** COLLECTED DATA follows **

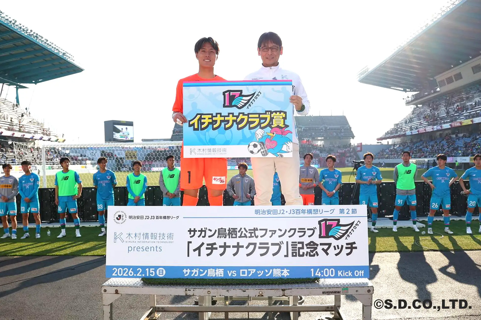2026年2月15日、駅前不動産スタジアムで開催された明治安田J2・J3百年構想リーグ 第2節 サガン鳥栖vsロアッソ熊本戦において、木村情報技術株式会社(本社:佐賀県佐賀市、代表取締役:木村 隆夫、以下「木村情報技術」)はマッチデースポンサーとして協賛しました。
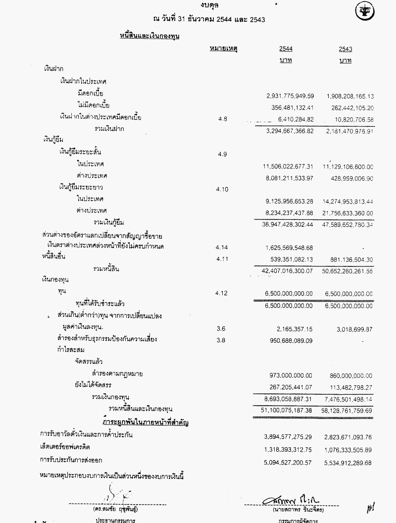 • รายงานกิจการประจำปี งบดุล บัญชีกำไรและขาดทุนของธนาคารเพื่อการส่งออกและนำเข้าแห่งประเทศไทย ประจำปี 2544
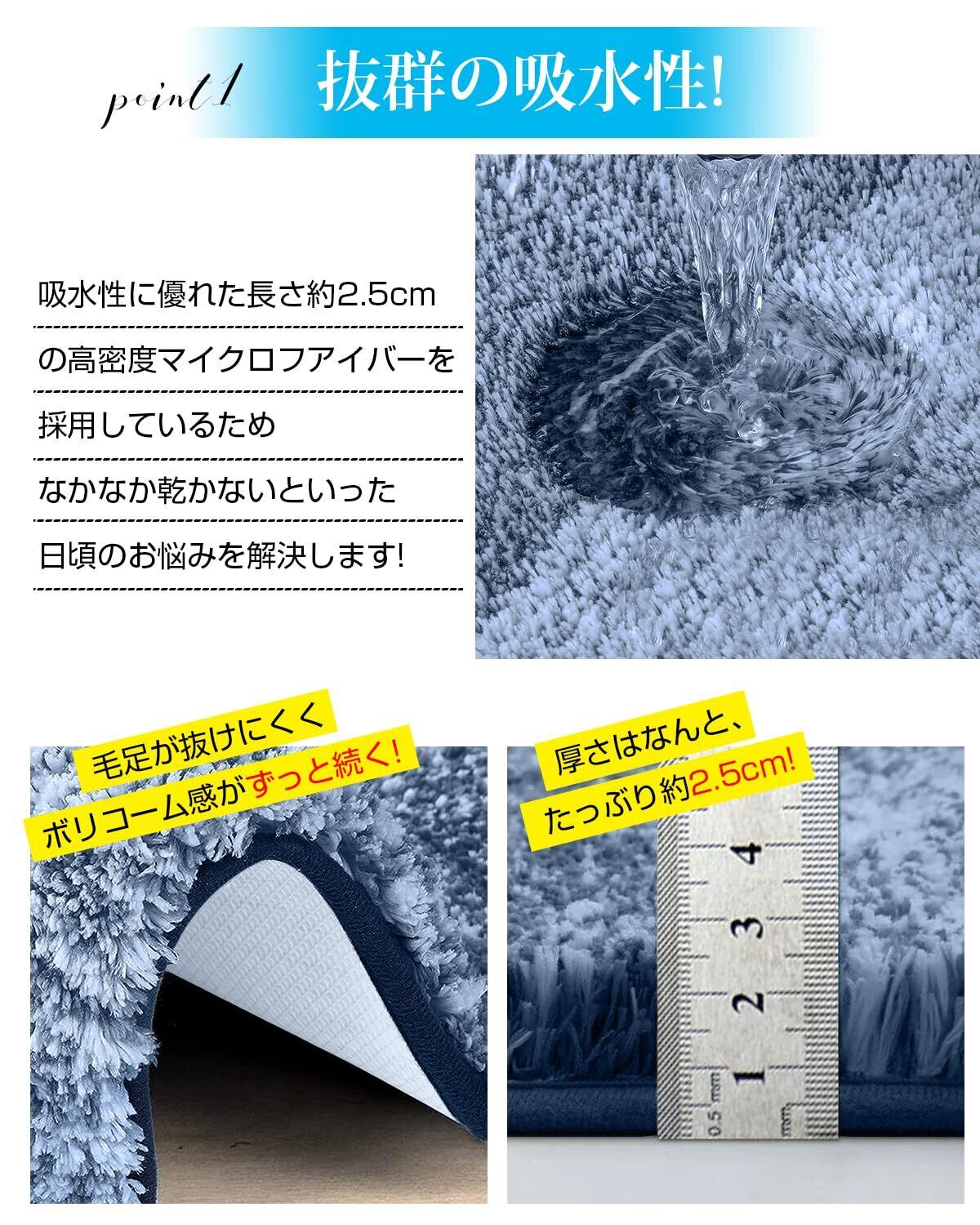 【吸水性 & 速乾性に優れている】 ふんわり優しい肌触りの極細マイクロフアイバーが水分をしっかり吸収します。トン・トン・トンと2、3回足踏みするだけで、圧倒的なスピードで水分を一気に吸い上げてくれます。速乾性も高いため、2人目3人目もビショビショしなくて、ふかふかであたたかい状態を維持してくれます 。

** End of COLLECTED DATA **

• PROBLEM STATEMENT
Every word of the material, and none of its pictures, should be set down again.

• PROBLEM SOLUTION
2026年2月15日、駅前不動産スタジアムで開催された明治安田J2・J3百年構想リーグ 第2節 サガン鳥栖vsロアッソ熊本戦において、木村情報技術株式会社(本社:佐賀県佐賀市、代表取締役:木村 隆夫、以下「木村情報技術」)はマッチデースポンサーとして協賛しました。
 • รายงานกิจการประจำปี งบดุล บัญชีกำไรและขาดทุนของธนาคารเพื่อการส่งออกและนำเข้าแห่งประเทศไทย ประจำปี 2544
 【吸水性 & 速乾性に優れている】 ふんわり優しい肌触りの極細マイクロフアイバーが水分をしっかり吸収します。トン・トン・トンと2、3回足踏みするだけで、圧倒的なスピードで水分を一気に吸い上げてくれます。速乾性も高いため、2人目3人目もビショビショしなくて、ふかふかであたたかい状態を維持してくれます 。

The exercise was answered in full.